Curtis will face several personalization challenges: matching hosts with guests, setting price levels based on demand, screening hosts and guests, overseeing ranking and review mechanisms, as well as monitoring feedback systems. With over 4 million guests and the company’s ever-changing host/guest interaction, this is clearly a company that is awash in data. It recently released some numbers on the most hospitable cities, with Tampa, Florida, appearing at the top, followed by Mendocino, California, and Eugene, Oregon.

To identify these cities, the company used metrics from their reviews, labeled as "cleanliness," "check in," "communication," and "accuracy." Managers were intrigued to learn what determined the distribution of scores, and so they drilled down into the data, examining seven more metrics: guest age, host age, guest gender, host gender, group size, length of stay, and booking lead-time. Results indicated that older hosts (aged more than 50 years), younger guests (from 30 to 39), stays of three to six days, and smaller group sizes (of one or two guests) were the demographics that drove the best reviews. The question for the Airbnb team then is what can it create to address the other, less positive, review demographics? Was its better personalization? Better prices? Perhaps more variety?

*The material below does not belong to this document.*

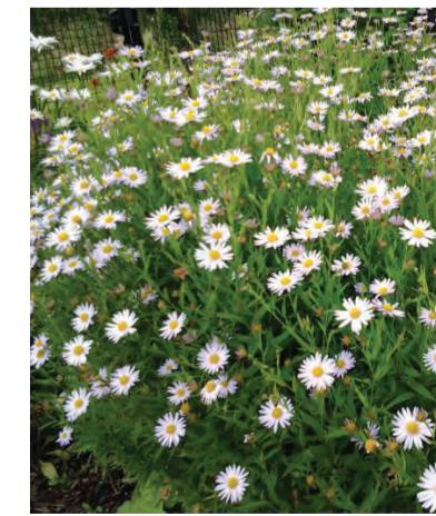
Kalimeris incisa (zomeraster) Hoogte: 50-70cm Bloeit: mei-augustus Standplaats: zon-halfschaduw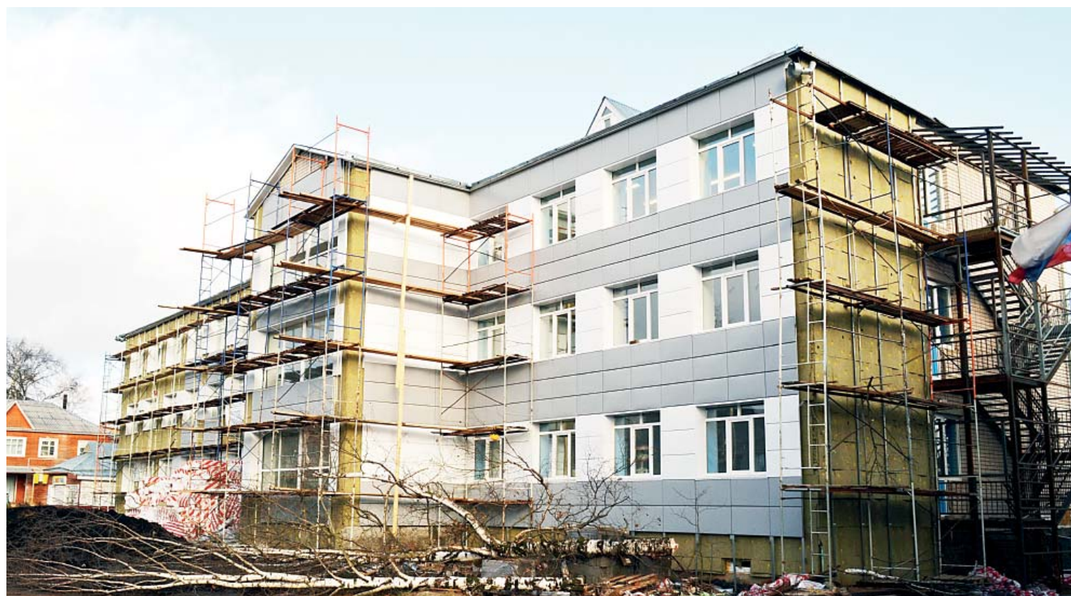
Здание бывшего профессионального училища преобразуется на глазах.

To analyze the approximately 20 terabytes of new data created daily and the approximate 1.2 petabytes of archived data Airbnb, has employed a variety of technologies. Brenden Mathews and Henry Cai, engineers at Airbnb, have detailed these at a presentation to a Meetup group. The systems they have used include Hadoop on Apache’s Mesos cluster manager, an operating system known for its ability to provide efficient resource isolation across distributed applications. Mathews and Cai note that it is advantageous for its "formalized scaling capabilities, as well as its familiarity to many engineers working in Big Data." They describe it as the gold standard.

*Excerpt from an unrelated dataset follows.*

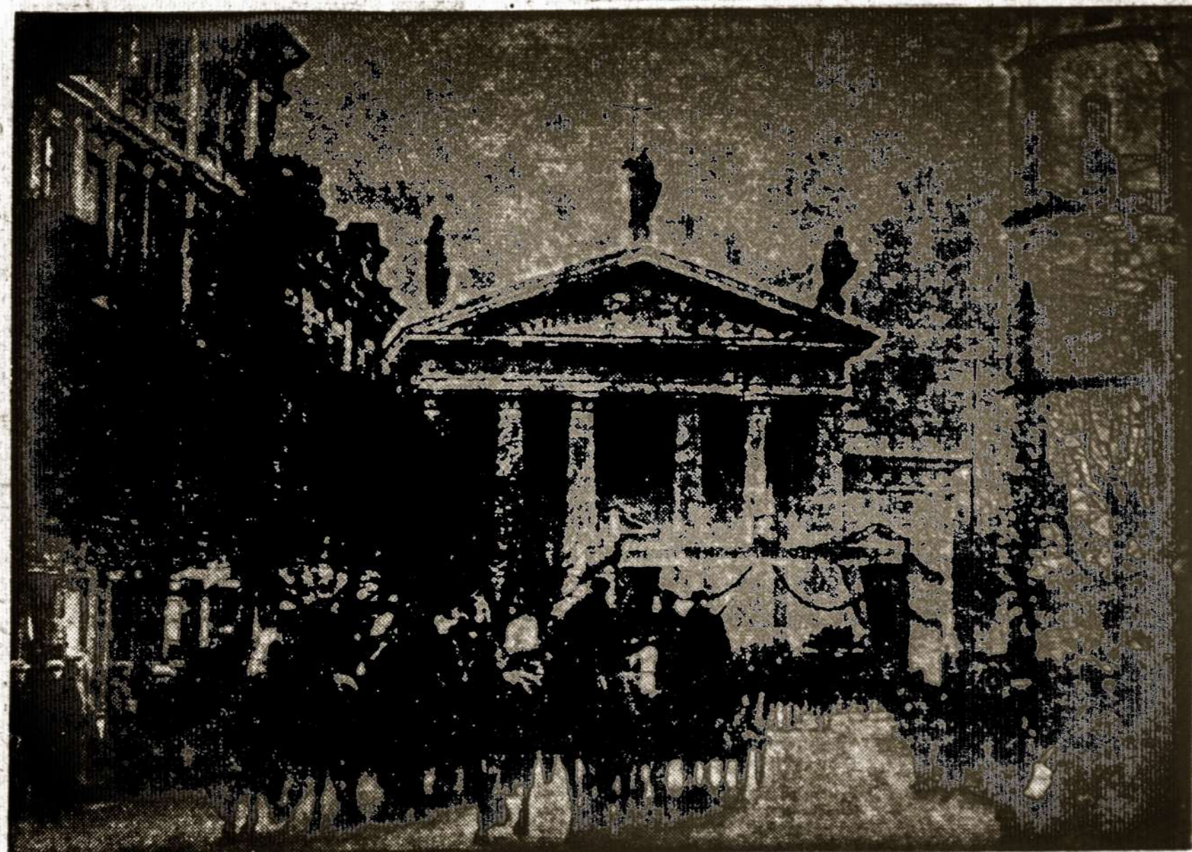
Lietuvos kariuomenė žygiuoja pro Vilniaus Katedrą.

Praeito numerio pirmam pus- lapy tipės straipsnelis "Apie Gu- atemalą" nepriklausė J. Volde- maro apžvalgai. Jis turėjo būti atspausdintas atskirai. Red.

Additionally, they incorporate a system with their Mesos implementation known as Chronos, a communication framework built by Google for achieving improved throughput and low latency for applications and systems created to access data across thousands of servers. They also use Storm, an open-source (EPL license) software solution that enables them to reliably process unbounded streams of data. Storm also enables users to develop real-time analytics and online machine learning algorithms. It is extremely fast, having been benchmarked at over a million tuples processed per second per node. Storm is scalable as well as fault tolerant, giving extremely high degrees of reliability.

Airbnb’s engineers also use Jenkins CI (Continuous Integration), an open-source integration SCM and testing tool written in Java with a very large number of plugins (approximately 784) to support complex upgrades and frequent code merging. The engineering team also utilizes Hive, Pig, Cascading, and other tools on their Hadoop implementation.

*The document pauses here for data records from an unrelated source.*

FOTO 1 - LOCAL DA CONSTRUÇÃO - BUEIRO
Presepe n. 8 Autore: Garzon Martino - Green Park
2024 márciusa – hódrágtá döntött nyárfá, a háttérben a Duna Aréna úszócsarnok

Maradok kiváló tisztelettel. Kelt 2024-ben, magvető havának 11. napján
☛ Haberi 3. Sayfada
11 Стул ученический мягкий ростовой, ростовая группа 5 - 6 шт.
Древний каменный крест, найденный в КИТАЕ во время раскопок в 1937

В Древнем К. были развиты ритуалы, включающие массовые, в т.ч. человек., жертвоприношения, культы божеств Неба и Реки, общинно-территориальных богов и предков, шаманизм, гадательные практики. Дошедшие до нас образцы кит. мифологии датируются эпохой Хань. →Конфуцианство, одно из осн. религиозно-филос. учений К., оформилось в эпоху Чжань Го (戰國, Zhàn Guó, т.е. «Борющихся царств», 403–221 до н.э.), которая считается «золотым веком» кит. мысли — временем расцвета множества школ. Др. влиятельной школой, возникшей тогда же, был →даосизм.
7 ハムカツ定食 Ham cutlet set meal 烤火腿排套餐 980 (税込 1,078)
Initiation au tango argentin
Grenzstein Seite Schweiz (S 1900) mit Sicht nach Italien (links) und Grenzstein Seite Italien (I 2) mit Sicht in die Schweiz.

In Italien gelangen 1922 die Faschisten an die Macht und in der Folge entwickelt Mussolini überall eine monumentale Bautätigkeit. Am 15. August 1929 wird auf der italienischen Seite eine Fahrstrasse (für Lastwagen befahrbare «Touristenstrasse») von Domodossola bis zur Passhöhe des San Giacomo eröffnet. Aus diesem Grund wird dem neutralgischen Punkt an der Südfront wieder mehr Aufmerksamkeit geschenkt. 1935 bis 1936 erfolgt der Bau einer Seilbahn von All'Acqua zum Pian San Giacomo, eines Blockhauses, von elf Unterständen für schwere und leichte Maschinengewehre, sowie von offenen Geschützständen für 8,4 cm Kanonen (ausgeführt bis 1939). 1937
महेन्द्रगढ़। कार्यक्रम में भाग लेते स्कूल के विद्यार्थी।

Beyond the crunching of Big Data, the engineering teams at Airbnb are also facing other business-related technology challenges, successfully avoiding the temptation to become so engrossed in the big data projects that they ignore what drives revenue. One of these key areas was mobile data. While the company had initially developed a mobile iPhone app, it recognized that, since the firm operates in over 192 countries, and since Android is the world's most popular smartphone operating system, it would need to create an in-house development team to address this opportunity. This was achieved through building a first-class UI that presents property descriptions, uses filters for searches, lists property details and amenities, and has booking facilities and contact mechanisms for connecting with the host.

“Airbnb has great lessons for start-ups and established firms alike. First, building a business on data is an imperative in order to create a competitive position. Second, building a great engineering team to develop that architecture is essential -- half-measures in big data don’t work. Third, never lose track of who is really important -- the customer. The data is there to support business decision-making and that is always focused on driving value in the marketplace for the consumer.”